ACTION ITEM:
Each line in the material below, starting at the one with "Der Durchschnittspreis auf" and ending at the one with "Negative Slope and", is to be reproduced exactly; no picture is to be copied.

◇ ◇ ◇

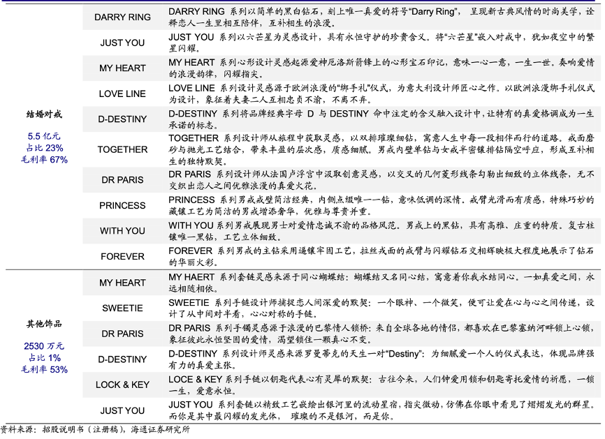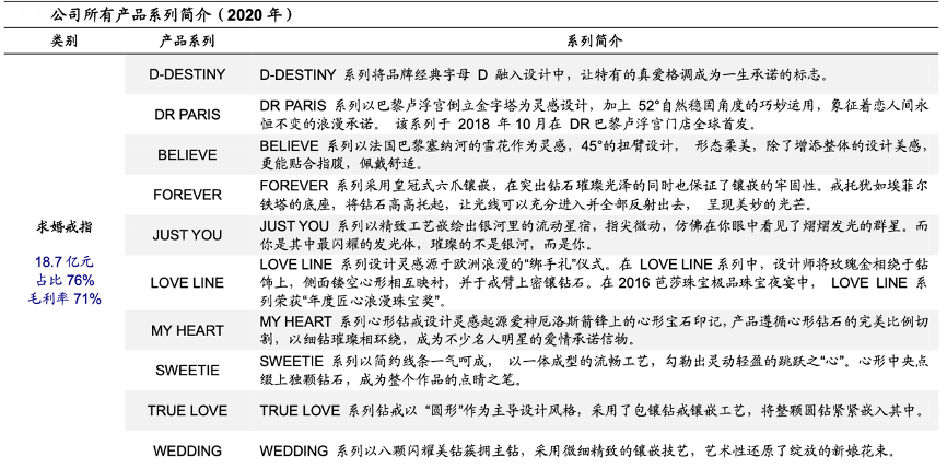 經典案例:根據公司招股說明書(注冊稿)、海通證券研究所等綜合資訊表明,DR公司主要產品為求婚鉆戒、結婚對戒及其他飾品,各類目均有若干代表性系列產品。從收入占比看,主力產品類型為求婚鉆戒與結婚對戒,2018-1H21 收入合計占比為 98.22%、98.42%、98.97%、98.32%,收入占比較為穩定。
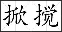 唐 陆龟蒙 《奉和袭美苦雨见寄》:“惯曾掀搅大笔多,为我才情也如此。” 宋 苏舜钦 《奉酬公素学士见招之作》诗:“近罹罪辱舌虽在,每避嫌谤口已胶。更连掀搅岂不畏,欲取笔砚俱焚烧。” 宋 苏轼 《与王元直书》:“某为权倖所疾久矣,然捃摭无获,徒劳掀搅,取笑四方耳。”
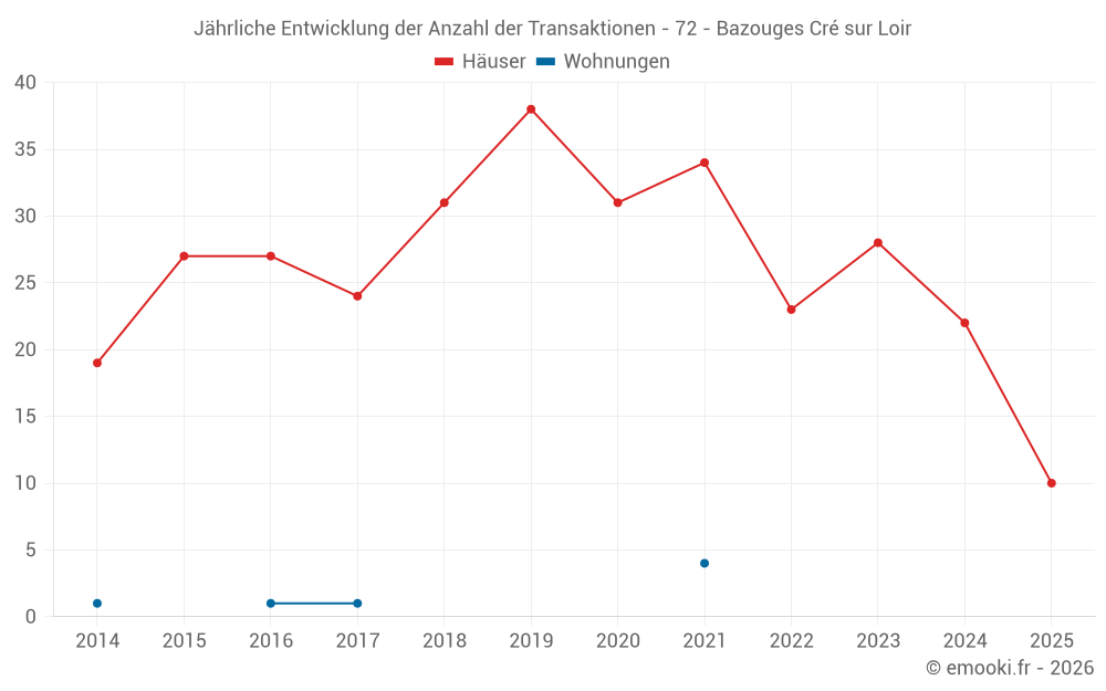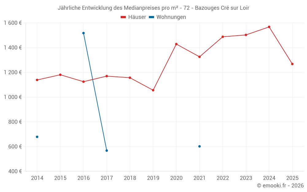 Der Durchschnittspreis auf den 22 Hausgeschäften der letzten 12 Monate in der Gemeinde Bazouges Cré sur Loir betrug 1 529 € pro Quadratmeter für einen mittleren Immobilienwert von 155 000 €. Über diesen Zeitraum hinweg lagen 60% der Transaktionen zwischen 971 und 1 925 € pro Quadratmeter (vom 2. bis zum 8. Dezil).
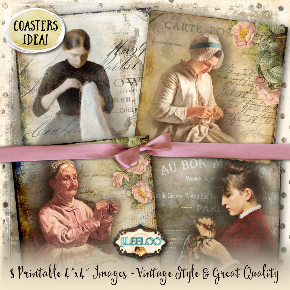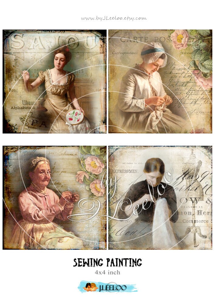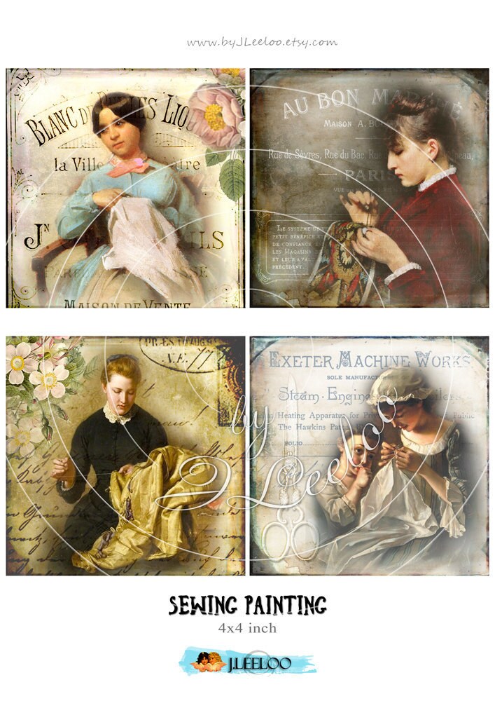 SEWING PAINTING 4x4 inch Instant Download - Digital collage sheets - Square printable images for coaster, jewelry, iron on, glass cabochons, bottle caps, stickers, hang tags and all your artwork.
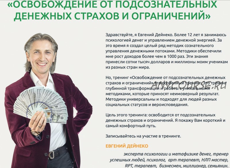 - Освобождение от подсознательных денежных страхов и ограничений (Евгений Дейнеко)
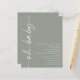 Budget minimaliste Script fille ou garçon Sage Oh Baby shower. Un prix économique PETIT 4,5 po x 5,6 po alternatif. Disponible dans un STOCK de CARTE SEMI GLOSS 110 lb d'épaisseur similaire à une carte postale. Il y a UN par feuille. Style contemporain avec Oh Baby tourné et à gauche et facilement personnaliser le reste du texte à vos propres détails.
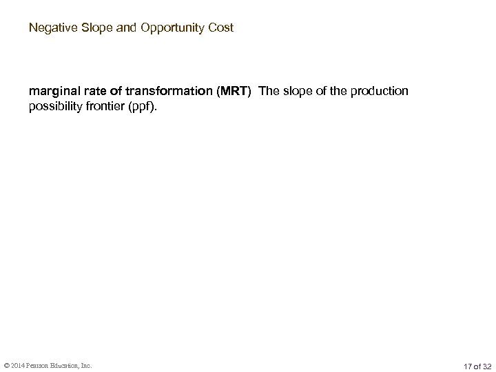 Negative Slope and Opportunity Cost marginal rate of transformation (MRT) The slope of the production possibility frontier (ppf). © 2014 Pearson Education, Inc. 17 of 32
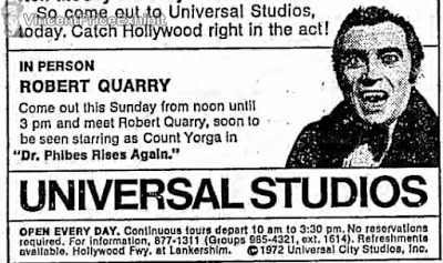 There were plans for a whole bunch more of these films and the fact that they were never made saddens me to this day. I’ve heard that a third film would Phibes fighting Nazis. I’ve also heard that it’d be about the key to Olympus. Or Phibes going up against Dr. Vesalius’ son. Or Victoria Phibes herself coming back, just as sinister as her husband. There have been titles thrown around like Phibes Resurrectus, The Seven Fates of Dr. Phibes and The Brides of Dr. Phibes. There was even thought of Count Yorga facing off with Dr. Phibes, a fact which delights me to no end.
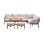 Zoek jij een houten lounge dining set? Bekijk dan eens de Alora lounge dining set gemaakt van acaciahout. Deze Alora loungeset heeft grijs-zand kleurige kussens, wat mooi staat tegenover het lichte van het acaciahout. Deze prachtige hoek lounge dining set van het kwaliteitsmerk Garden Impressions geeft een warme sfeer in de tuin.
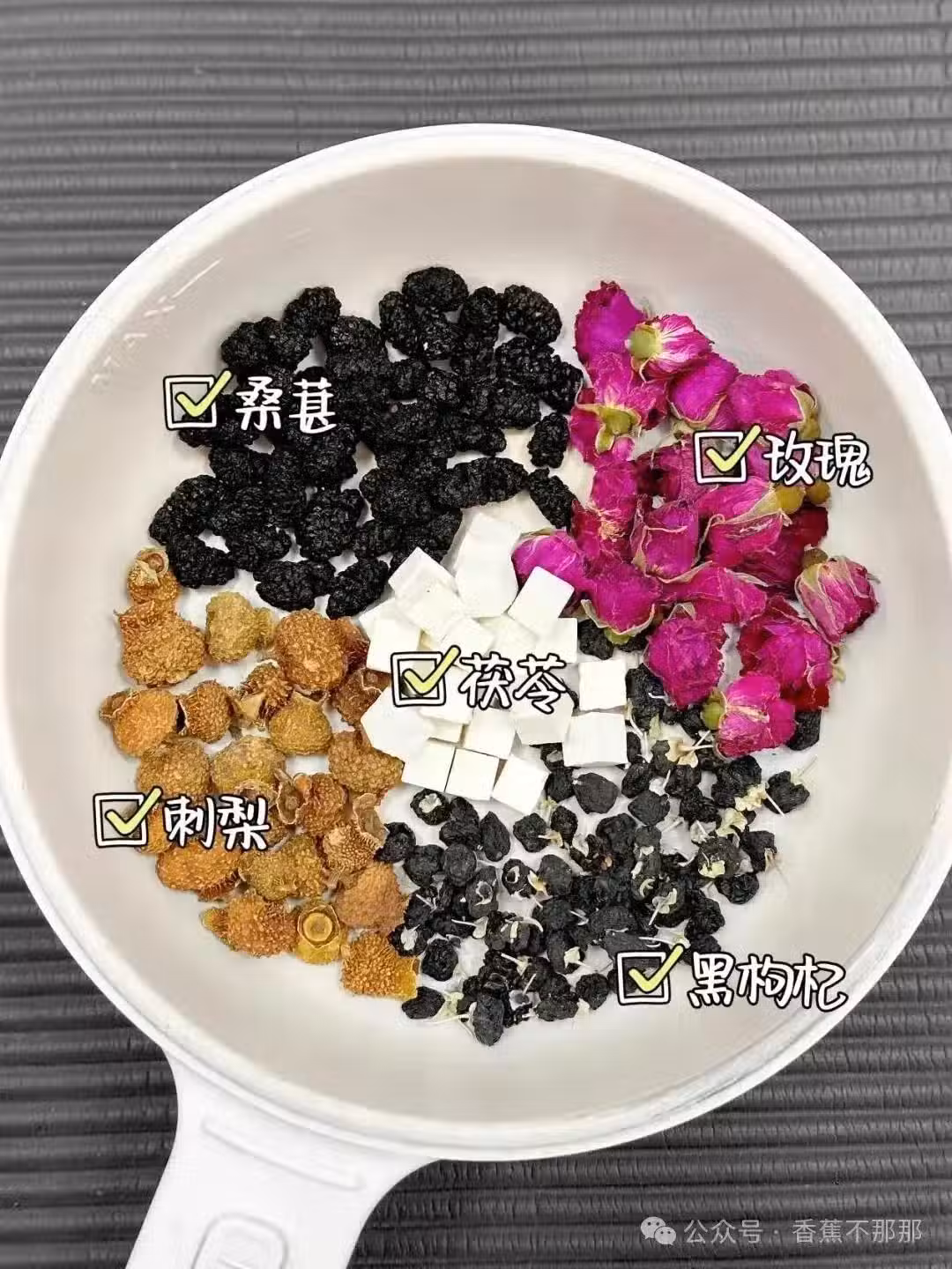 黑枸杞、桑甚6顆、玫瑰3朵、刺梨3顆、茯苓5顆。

◇ ◇ ◇

SOLUTION FOR THIS PROBLEM:
 Der Durchschnittspreis auf den 22 Hausgeschäften der letzten 12 Monate in der Gemeinde Bazouges Cré sur Loir betrug 1 529 € pro Quadratmeter für einen mittleren Immobilienwert von 155 000 €. Über diesen Zeitraum hinweg lagen 60% der Transaktionen zwischen 971 und 1 925 € pro Quadratmeter (vom 2. bis zum 8. Dezil).
 SEWING PAINTING 4x4 inch Instant Download - Digital collage sheets - Square printable images for coaster, jewelry, iron on, glass cabochons, bottle caps, stickers, hang tags and all your artwork.
 - Освобождение от подсознательных денежных страхов и ограничений (Евгений Дейнеко)
 Budget minimaliste Script fille ou garçon Sage Oh Baby shower. Un prix économique PETIT 4,5 po x 5,6 po alternatif. Disponible dans un STOCK de CARTE SEMI GLOSS 110 lb d'épaisseur similaire à une carte postale. Il y a UN par feuille. Style contemporain avec Oh Baby tourné et à gauche et facilement personnaliser le reste du texte à vos propres détails.
 Negative Slope and Opportunity Cost marginal rate of transformation (MRT) The slope of the production possibility frontier (ppf). © 2014 Pearson Education, Inc. 17 of 32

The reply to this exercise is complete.